MRE 103 Amended
May 31, 2016 § Leave a comment
The MSSC entered an order on May 26 amending MRE 103. The full text of the order and the amended rule are at this link.
This particular rule change adds a subparagraph (3) to R103(a) that reads as follows:
(3) Effects of Definitive Rulings. Once the court makes a definitive ruling on the record admitting or excluding evidence, either at or before trial, a party need not renew an objection or offer of proof to preserve a claim of error for appeal. Moreover, a party who objects to evidence of a prior conviction the court finds admissible in a definitive ruling does not waive or forfeit a claim of error by offering the evidence. But if under the court’s ruling there is a condition precedent to admission or exclusion, such as the introduction of certain testimony or the pursuit of a certain claim or defense, no claim of error may be predicated upon the ruling unless the condition precedent is satisfied.

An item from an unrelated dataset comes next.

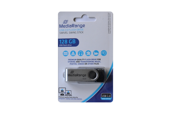 De MediaRange 128GB USB 2.0 Flash Drive staat voor betrouwbaarheid en degelijkheid. Betreft een USB 2.0 usb stick. De leessnelheid is tot 17mb/s en de schrijfsnelheid tot 8mb/s. De uitvoering is in Swivel vorm, hetgeen betekend dat de kwetsbare usb uitgang veilig opgeborgen kan worden (middels draaien) in het metalen gedeelte van de usb stick na gebruik.

This brings Mississippi’s R103 closer to the federal counterpart.
I’ll leave it to you to puzzle out exactly how this might affect your practice, but I think the key word is renew, meaning that once the court has ruled definitely on admissibility, nothing needs to be renewed. It does not mean that an offer of proof per R103(a)(2) is not necessary to place the controverted evidence into the record. I also think as a practical matter that this will have greater application in criminal cases, where pre-trial exclusionary orders have been entered, than it will in chancery matters.